Western roles, both as heavies and good guys, followed, including “Western Union,” “Valley Of The Sun,” “The Omaha Trail” and “The Men In Her Life.”

In 1943, he made Lewis Milestone’s controversial “North Star,” scripted by Lillian Hellman. Another career peak came the following year in “When Strangers Marry.”

He went to England in 1945 for a key role in “I Live In Grosvenor Square.”

Jagger supported Rosalind Russell in “Sister Kenny,” followed by “Pursued” and “Driftwood.”

In 1949, he took home the best supporting actor Academy Award in Henry King’s war picture “Twelve O’Clock High,” starring Gregory Peck. Earlier that year he starred in the B movie “‘C’ Man.”

The following year he went to Paramount for several pictures: “Dark City” (which introduced Charlton Heston), Leo McCarey’s “My Son John,” as well as two Byron Haskin Westerns, “Warpath” and “The Denver And Rio Grande.”

Hathaway, who had given Jagger his break in “Brigham Young,” directed him in the 1951 Western “Rawhide.”

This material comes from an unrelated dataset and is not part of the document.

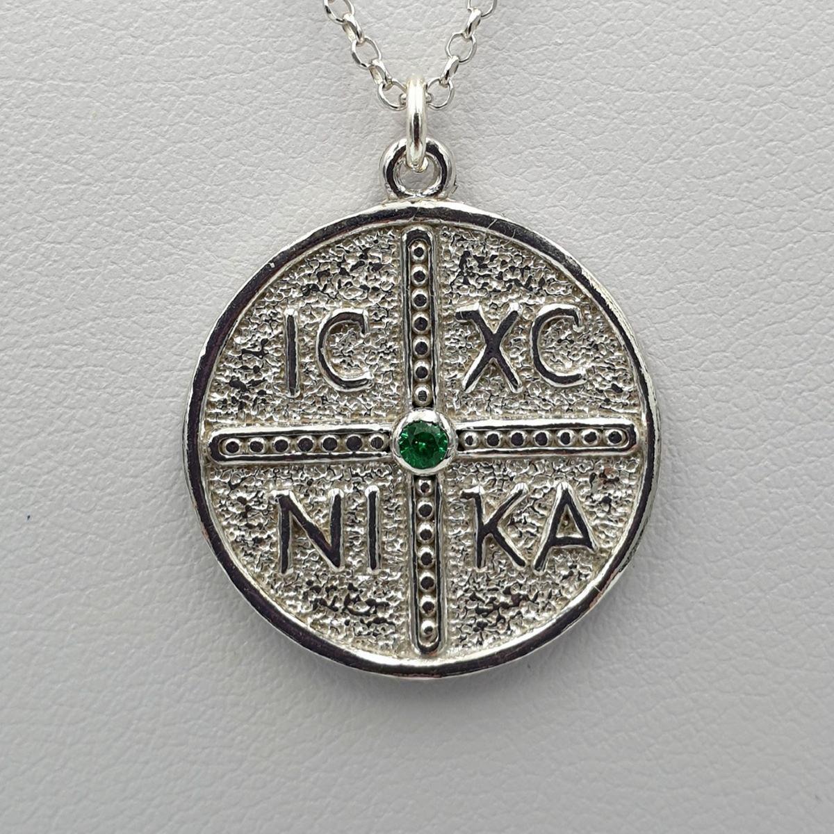 Φλουρί Κωνσταντινάτο ασήμι 925 λευκό με πράσινη πέτρα Ζιργκόν, αλυσίδα 50 cm.

In 1952, Jagger co-directed (uncredited) with Arthur Lubin and co-starred in “It Grows On Trees.”

Fox’ inaugural Cinemascope film “The Robe” was followed by “Private Hell 36.” In 1954, Jagger was featured in “Executive Suite” and “White Christmas.”

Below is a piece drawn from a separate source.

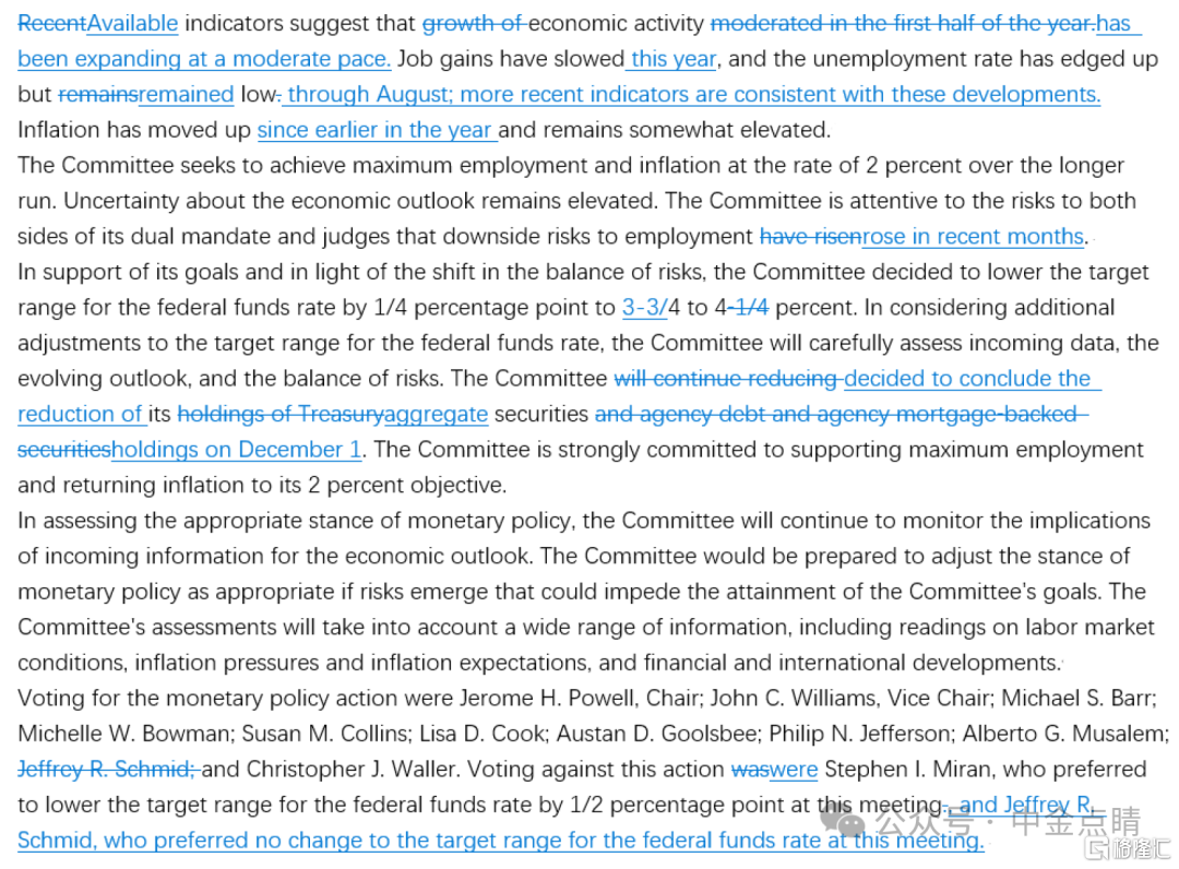 图表2:美联储货币政策声明对比(2025年10月vs 2025年9月)

After the oddball “It’s A Dog’s Life” and the minor “The Eternal Sea,” Jagger bounced back in “Bad Day At Black Rock.” He appeared in “Three Brave Men” and “The Great Man.”

He moved into the sci-fi genre with 1956 pic “On The Threshold Of Space” and with the British horror film “X, The Unknown.”

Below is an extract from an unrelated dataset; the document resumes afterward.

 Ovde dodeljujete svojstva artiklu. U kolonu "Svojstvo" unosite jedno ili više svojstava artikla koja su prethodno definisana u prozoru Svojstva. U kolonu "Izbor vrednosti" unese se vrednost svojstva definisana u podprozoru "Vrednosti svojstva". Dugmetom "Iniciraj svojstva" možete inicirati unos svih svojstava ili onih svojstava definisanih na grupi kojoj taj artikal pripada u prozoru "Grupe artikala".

Sam Fuller directed Jagger in “Forty Guns,” and Jagger supported Pat Boone in Boone’s screen debut, “Bernardine.” He appeared in “Kid Creole” and was featured in “The Proud Rebel.”

In 1959, he had a supporting role in “The Nun’s Story.” The following year, Richard Brooks cast him in his awardwinning “Elmer Gantry.”

Jagger’s subsequent films did not reach these heights, and he became known more for his tv appearances, co-starring in the ’60s tv series “Mr. Novak.”

He had appeared on the small screen in the early ’50s in such shows as “Gulf Playhouse,” “Studio 57,” “Zane Grey Theater” and “Playhouse 90.” He also guested in the ’60s on “The Twilight Zone,” “Alfred Hitchcock,” “GE Theater” and “The Fugitive.”

His film credits during that decade began with “Cash McCall” and “Parrish.” He also appeared in “Jumbo” and “The Honeymoon Machine.”

After a five-year lapse, Jagger filmed “First To Fight,” “The Day Of The Evil Gun,” “Smith” and “Tiger By The Tail.”

After John Huston’s unsuccessful all-star “The Kremlin Letter,” he was featured in a sleeper hit, Richard C. Sarafian’s “Vanishing Point.”

The rest of Jagger’s film career consists of forgettable indie B movies: the ax-murder pic “So Sad About Gloria”; “Goddamn Dr. Shagetz” (unreleased for a decade until it popped up as “Evil-town”); “The Great Lester Boggs”; “The End Of The World”; Robert Clouse’s posthumous Bruce Lee pasteup “Game Of Death”; and Lewis Teague’s classic B, the John Sayles-scripted “Alligator.”

More impressive was Jagger’s roster of tv movies, including “Lonely Profession”; “Brotherhood Of The Bell”; “Incident In San Francisco”; “The Glass House”; “The Delphi Bureau”; “The Stranger”; “The Lie”; “I Heard The Owl Call My Name”; “The Hanged Man”; “The Lindbergh Kidnapping Case”; “Gideon’s Trumpet”; and “Haywire.”

He won an Emmy award in 1989 for his role in the religious show “This Is The Life.”

Survived by his wife; daughter, Diane Pearson; and two stepsons, Tom and Lee Winger.